Şeytan generalinin Wang Lin'i seçmesinin nedeni buydu.

 

Wang Lin sakin sesiyle yavaşça konuştu, "O avuç olmadan bile seni yenebilirim!"

 

Mo Lihai, Wang Lin'e baktı. Uzun bir süre sonra gülüp konuştu, "Güzel. Anlaşılan çabalarım boşa gitmemiş! Wang kardeş, şeytan imparatoru yarım ay sonraki şeytan generali yarışmasına bizzat katılacak. İyi iş çıkarırsan ve seni önerirsem kesinlikle şeytan generali pozisyonunu elde edersin!"

 

Wang Lin gülümseyip konuşmadı.

 

Mo Lihai biraz düşündükten sonra ciddi bir tonda konuştu, "Wang kardeş, bugün erken dönmen gerek. Bu gece seni önemli biriyle tanıştıracağım!"

 

Wang Lin başını salladıktan sonra ayağa kalkıp konuştu, "Tamam, erken dönerim!"

 

Birbirlerine baktıktan sonra ikisi de güldü. Mo Lihai çok mutlu hissediyordu ve gülümsedi. "Öyleyse bu ağabeyin seni rahatsız etmeyecek. Gidip zither müziğini dinle."

 

Wang Lin'in nehir kenarında zither müziği dinlemesi sır değildi, Mo Lihai de biliyordu.

 

Wang Lin, Mo Köşkü'nden çıktı.

 

Wang Lin, sık sık içinden şarap içtiği bir şarap şişesiyle sessizce nehir kenarında oturuyordu.
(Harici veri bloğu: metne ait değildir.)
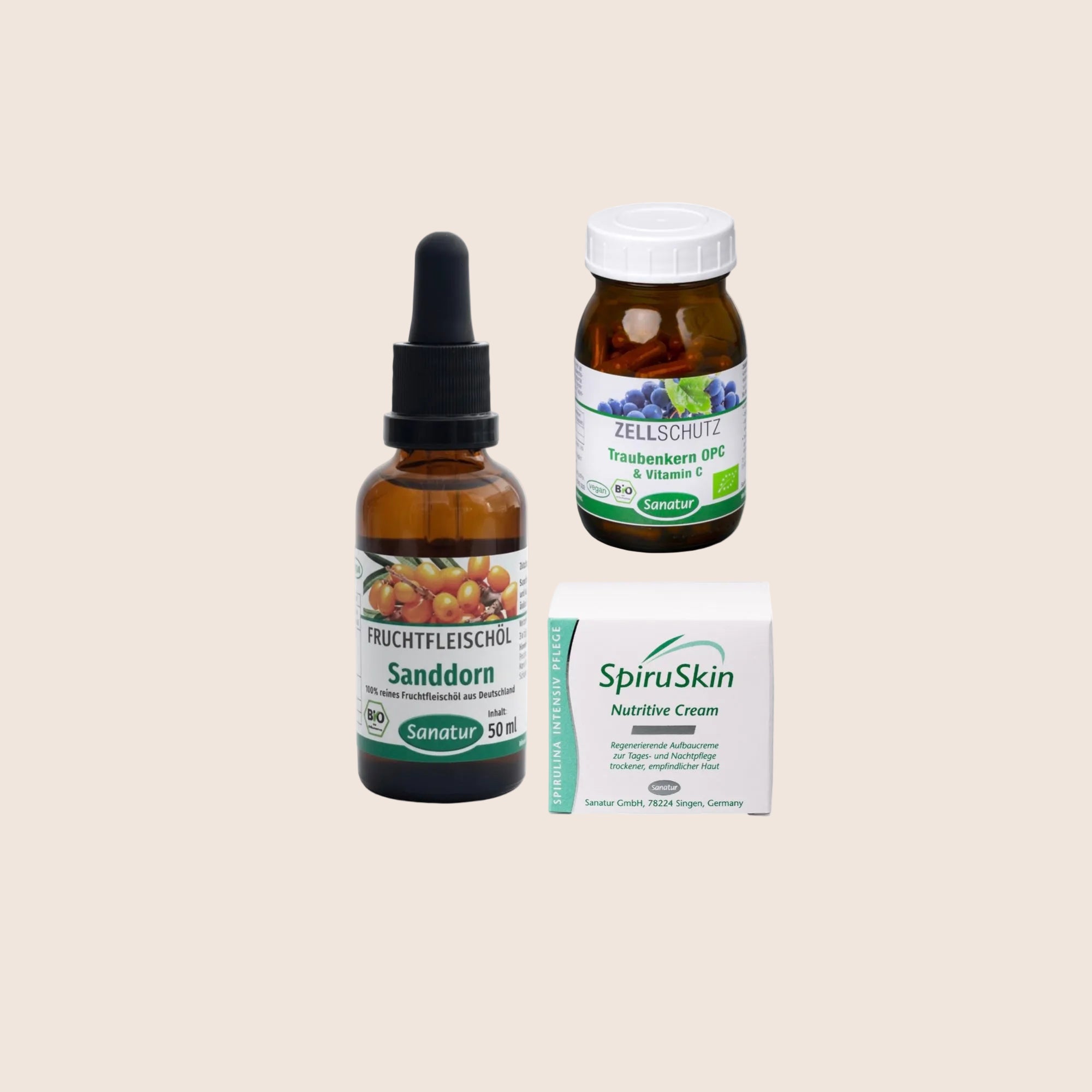 Complement your wellness routine with our Sea Buckthorn Fruit Pulp Oil. Cold-pressed from organic berries grown on the German Baltic coast, this vibrant oil is rich in nutrients for both internal vitality and external skincare. For targeted rejuvenation, the SpiruSkin Regenerating Nutritive Cream utilizes spirulina microalgae and shea butter to smooth wrinkles and nourish dry, sensitive skin.

Çok sakin görünüyordu ve kalbi huzur içindeydi.

 

Bu süre zarfında Wang Lin her gün burada oturur, zither müziğini duyabilmek için teknenin geçmesini beklerdi. Ancak müzik öncekine kıyasla büyük ölçüde değişmişti, artık derinlerinde hüzün saklayan mutlu bir şarkıydı.

 

Fakat Wang Lin onu zorla değiştirmeye çalışmadı. O sadece bir yolcuydu ve bir yolcunun zihniyetiyle çeşitli duyguları tattı.

 

Şu an bile kadının nasıl göründüğünü bilmiyordu. Bunların hiç biri önemli değildi. Önemli olan onun dinliyor oluşuydu, ciddiyetle dinliyor oluşu.

 

Kalbinde mühürlü anılara dokunan zither müziğini dinlerken uzun bir süredir hissetmediği bir hissi hissediyordu. Wang Lin'in kalbi şu anda çok sakindi.

 

Zither müziği, teknelerden önce vardı. Bu görünüşte neşeli zither müziği hüzün ve çaresizlik açığa çıkardı. Zither müziğinin ardından tekneler yavaşça vardı.

 

Teknenin başındaki zither çalgıcısının sırtı hala Wang Lin'e dönüktü. Yeşim vari eli hareket edip yavaşça havaya yayılan zither müziğini yarattı. Bugün önünde sadece bir kişi oturuyordu.

 

Bu, 27-28 yaşlarında bir genç adamdı. Yeşil bir cübbe giyiyordu ve sıradan görünse de çok temiz bir his yayıyordu. Orada oturarak şarap içip zither müziğini dinlerken bedeninde hiç şeytani ruhsal enerji yoktu.

 

Genç adam bardağı koydu ve usulca sordu, "Acaba... Böyle çalmayabilir misin? Müziğini duymak istiyorum!"

 

Kadın çalmayı bıraktı. Uzun bir süre düşündükten sonra başını salladı ve yeşim vari eli bir kez daha hareket etmeye başladı. Müzikten çıkan hüzün, müziğin kendisi teknenin yarattığı dalgalarla birleşip nehrin kenarlarına yayılıyormuş gibi gelirken yavaşça etrafta yankılandı.

 

Dalgalar Wang Lin'e ulaşmadan hemen önce durdu fakat müzik durmayıp Wang Lin'in kulaklarına girdi.

 

Teknedeki genç yavaşça gözlerini kapattı ve pür dikkat zither müziğindeki hüznün ve acının tadını çıkardı.

 

Wang Lin de gözlerini kapattı ve kendini zither müziğine kaptırdı. Müzik zihniyle birleşmiş ve uzun bir süre kaybolmayacak gibiydi.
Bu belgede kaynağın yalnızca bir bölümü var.